↓↓↓

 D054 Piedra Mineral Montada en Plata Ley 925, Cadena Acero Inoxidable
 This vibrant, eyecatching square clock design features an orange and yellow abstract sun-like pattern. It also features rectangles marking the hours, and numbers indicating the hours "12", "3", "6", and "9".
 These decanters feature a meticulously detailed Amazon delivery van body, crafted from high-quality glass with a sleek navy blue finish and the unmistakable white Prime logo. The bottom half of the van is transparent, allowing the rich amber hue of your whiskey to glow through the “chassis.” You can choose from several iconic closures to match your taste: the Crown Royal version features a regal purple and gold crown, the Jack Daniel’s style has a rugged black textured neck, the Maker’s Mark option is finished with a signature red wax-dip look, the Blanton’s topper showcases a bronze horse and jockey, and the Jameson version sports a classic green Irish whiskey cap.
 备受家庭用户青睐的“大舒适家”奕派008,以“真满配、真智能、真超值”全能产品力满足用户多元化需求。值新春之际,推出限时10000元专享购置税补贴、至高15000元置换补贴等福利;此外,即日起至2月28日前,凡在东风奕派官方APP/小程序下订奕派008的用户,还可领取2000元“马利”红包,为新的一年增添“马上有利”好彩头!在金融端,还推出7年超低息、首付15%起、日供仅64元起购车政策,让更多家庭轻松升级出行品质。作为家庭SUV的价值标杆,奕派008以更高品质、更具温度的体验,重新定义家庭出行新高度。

↑↑↑
↓↓↓

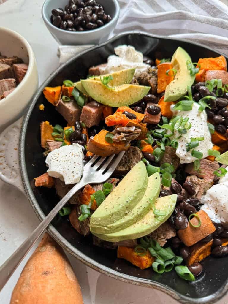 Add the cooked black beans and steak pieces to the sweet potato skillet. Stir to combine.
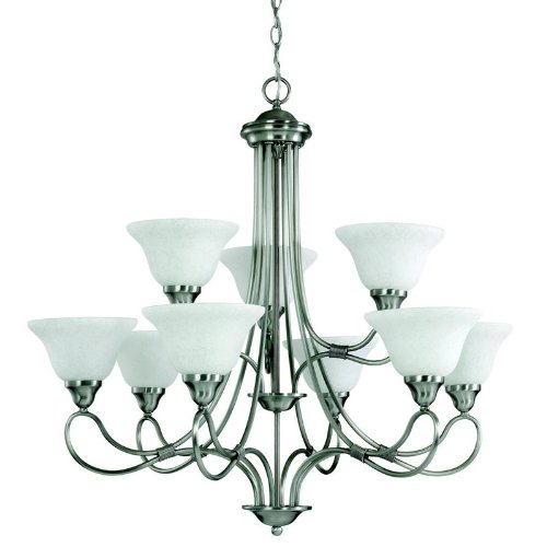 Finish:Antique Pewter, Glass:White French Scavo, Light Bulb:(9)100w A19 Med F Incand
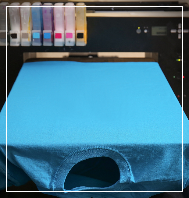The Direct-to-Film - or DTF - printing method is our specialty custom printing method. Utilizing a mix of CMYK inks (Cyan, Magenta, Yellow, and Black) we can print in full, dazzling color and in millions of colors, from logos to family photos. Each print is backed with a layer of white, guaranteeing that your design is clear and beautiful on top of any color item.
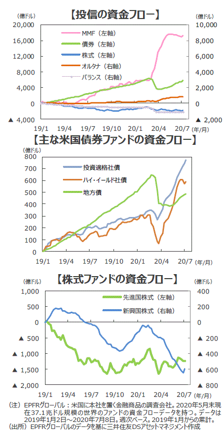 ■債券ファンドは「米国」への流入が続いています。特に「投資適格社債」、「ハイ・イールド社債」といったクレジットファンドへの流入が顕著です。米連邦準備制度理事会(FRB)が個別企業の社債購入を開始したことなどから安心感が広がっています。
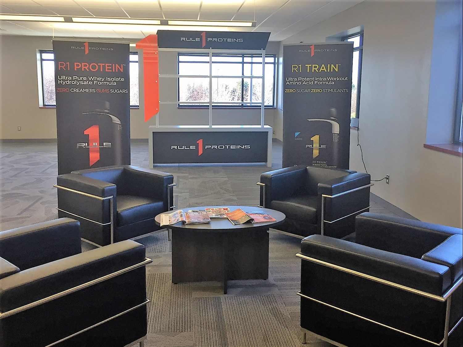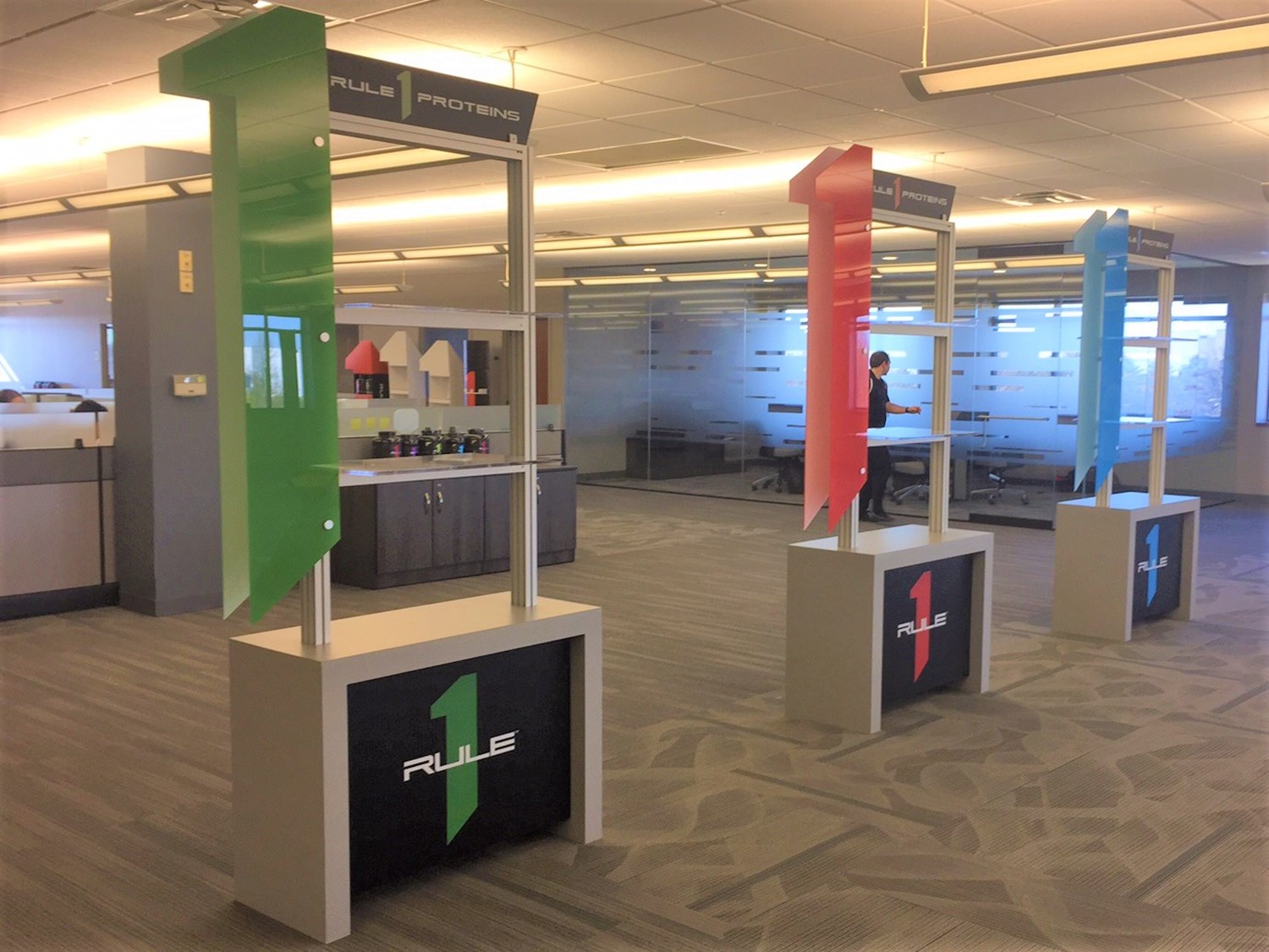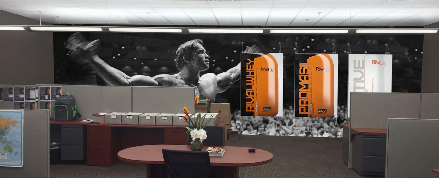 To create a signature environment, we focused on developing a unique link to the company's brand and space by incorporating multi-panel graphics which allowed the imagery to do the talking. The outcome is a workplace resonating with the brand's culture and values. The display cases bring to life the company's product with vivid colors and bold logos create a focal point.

↑↑↑
↓↓↓

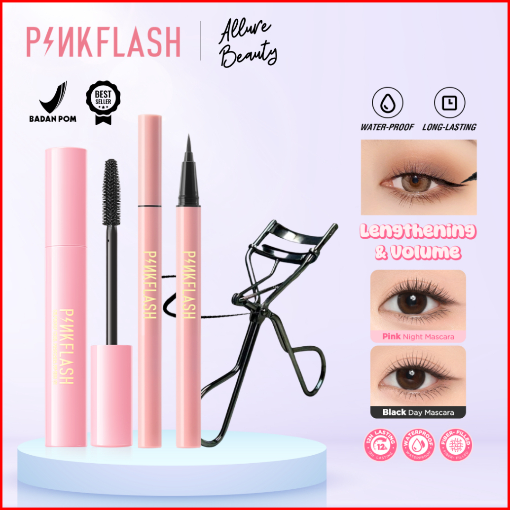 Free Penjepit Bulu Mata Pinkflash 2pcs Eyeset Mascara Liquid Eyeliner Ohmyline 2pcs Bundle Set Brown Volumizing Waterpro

↑↑↑

TASK REQUIREMENTS - When you reach the line holding "Add the cooked" in the listing above, begin retyping exactly, and stop once the line holding "Finish:Antique Pewter, Glass:White" is done; pictures stay out.

ANSWER SECTION -
 Add the cooked black beans and steak pieces to the sweet potato skillet. Stir to combine.
 Finish:Antique Pewter, Glass:White French Scavo, Light Bulb:(9)100w A19 Med F Incand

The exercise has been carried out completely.